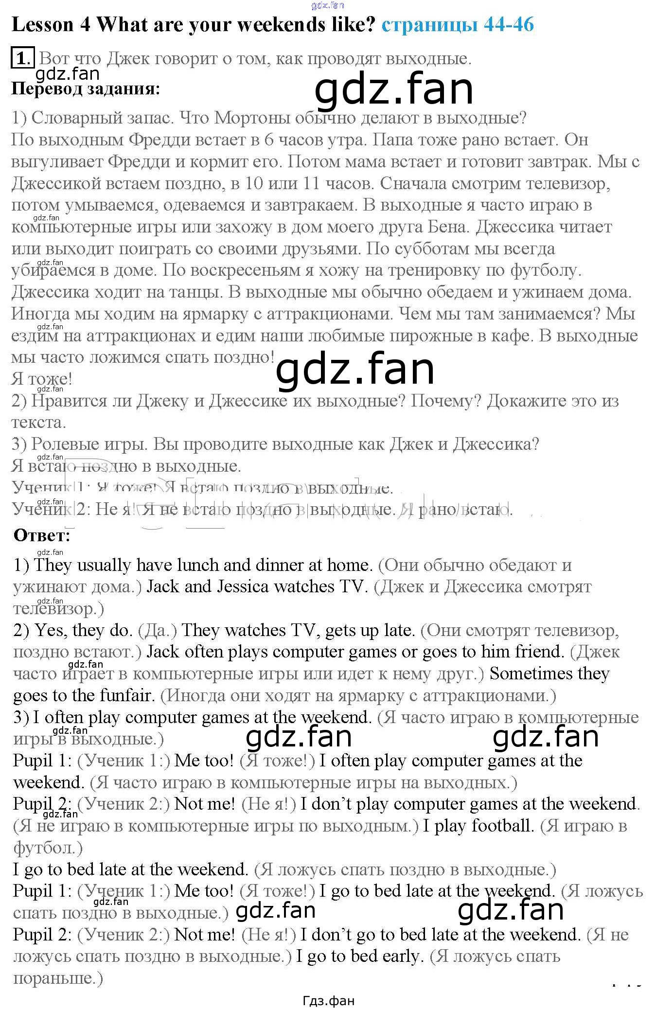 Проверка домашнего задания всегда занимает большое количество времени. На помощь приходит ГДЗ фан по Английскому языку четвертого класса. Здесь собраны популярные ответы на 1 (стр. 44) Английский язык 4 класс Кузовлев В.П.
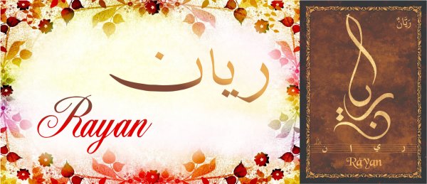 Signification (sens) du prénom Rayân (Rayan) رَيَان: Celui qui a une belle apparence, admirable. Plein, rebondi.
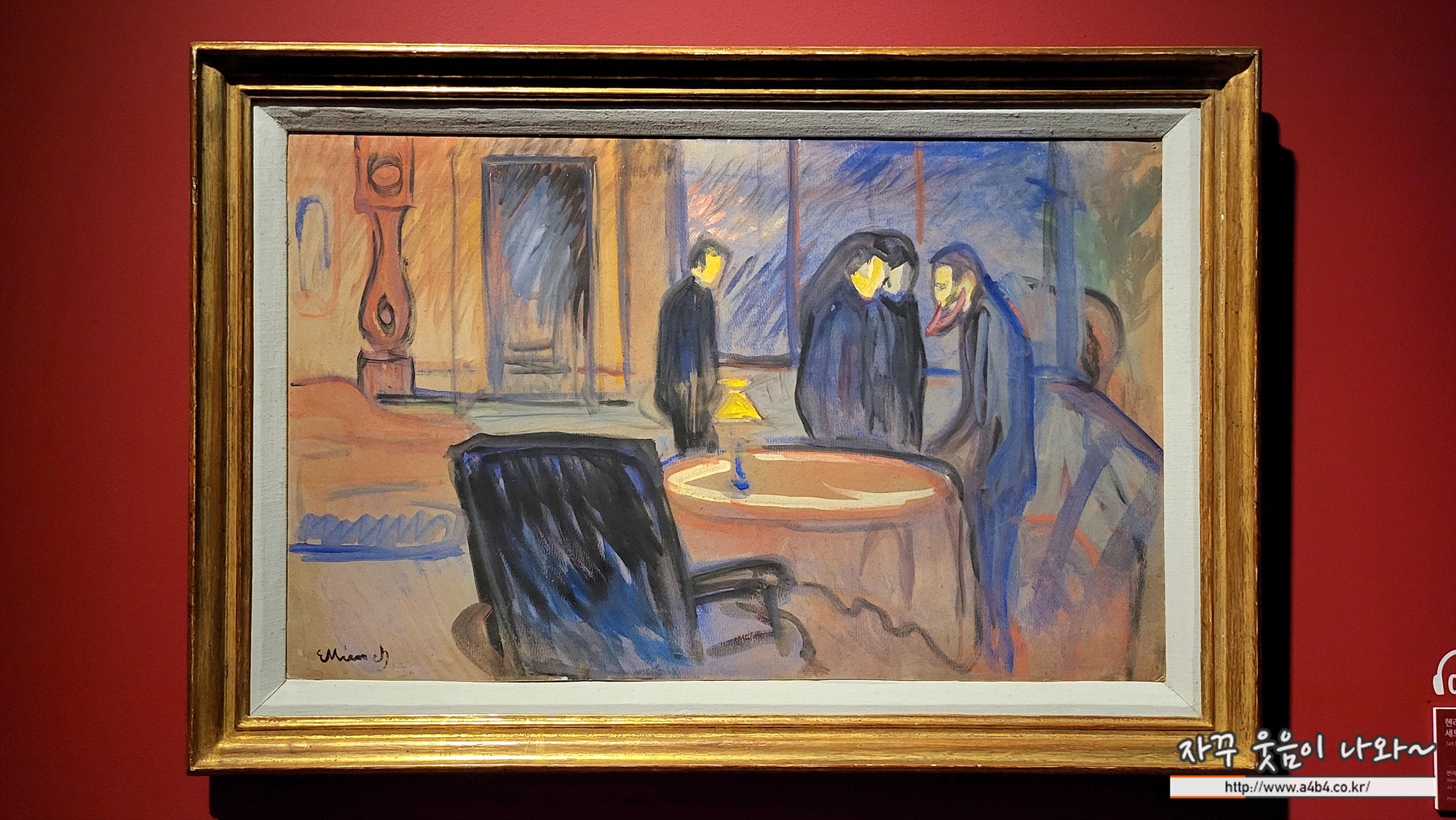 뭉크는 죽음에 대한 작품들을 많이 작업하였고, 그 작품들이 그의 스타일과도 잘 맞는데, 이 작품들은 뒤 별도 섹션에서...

■ ■ ■

◆ **Work to be completed**:
The lines from the one containing "Signification (sens) du" to the end of the material must be output exactly, both ends included; no picture may appear.

◆ **Result for this exercise**:
 Signification (sens) du prénom Rayân (Rayan) رَيَان: Celui qui a une belle apparence, admirable. Plein, rebondi.
 뭉크는 죽음에 대한 작품들을 많이 작업하였고, 그 작품들이 그의 스타일과도 잘 맞는데, 이 작품들은 뒤 별도 섹션에서...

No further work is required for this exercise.